R.C. 2307.75 provides in pertinent part: Products defective in design or formulation; foreseeable risks; benefits; drug or medical device.
(A) Subject to divisions (D),(E), and (F) of this section, a product is defective in design or formulation if either of the following applies;
* * *
(1) When it left the control of its manufacturer, the foreseeable risks associated with its design or formulation as determined pursuant to division (B) of this section exceeded the benefits associated with that design or formulation as determined pursuant to division (C) of this section;
* * * (B) The foreseeable risks associated with the design or formulation of a product shall be determined by considering factors including, but not limited to, the following:
* * *
(3) The likelihood that that design or formulation would cause harm in light of the intended and reasonably foreseeable uses, modifications, or alterations of the product;
* * * (C) The benefits associated with the design or formulation of a product shall be determined by considering factors including, but not limited to, the following:
* * * (2) The technical and economic feasibility, when the product left the control of its manufacturer, of using an alternative design or formulation;
Appellant asserts there was no evidence presented it designed the means to secure the tarp to the truck, but rather, the evidence showed the intended design was not used because Hughes neglected to implement it.
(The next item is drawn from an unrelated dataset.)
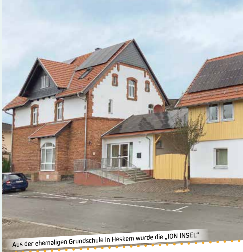
Aus der ehemaligen Grundschule in Heskem wurde die „ION INSEL“

In addition, the jury found appellant did not sell the particular strap which struck appellee's eye, and appellant urges this demonstrates it did not design and provide the securement system. Appellee replies the appellant produced a truck tarp whose design required the user to place tension on an elastic strap in order to secure the tarp to the truck's frame. In the foreseeable event the strap slipped, the design of the tarp provided for the hook on the end of the elastic strap to snap back at the user. The jury found the product appellant produced included both the tarp and its securing system. In closing, appellee's counsel admitted appellant's anticipated attachment system design was not defective, and appellant asserts the attachment system it designed was not the one used. We have reviewed the record, and we find sufficient evidence to support the finding that appellant had a duty to provide a design which was safe when it left appellant's control. There was evidence presented to the jury that appellant customarily used this securement design, but could have offered an alternative system. Appellant actually attached the tarp to the truck for Mr. Hughes, using the dangerous securement system. Appellant acknowledged it was foreseeable Hughes would not finish implementing the security system, and that as a result, someone would be injured in exactly the manner plaintiff actually was injured. We find there was sufficient evidence presented that appellant designed the tarp and the system to secure it, and thus, the trial court's rulings on the various motions were proper. The first assignment of error is overruled.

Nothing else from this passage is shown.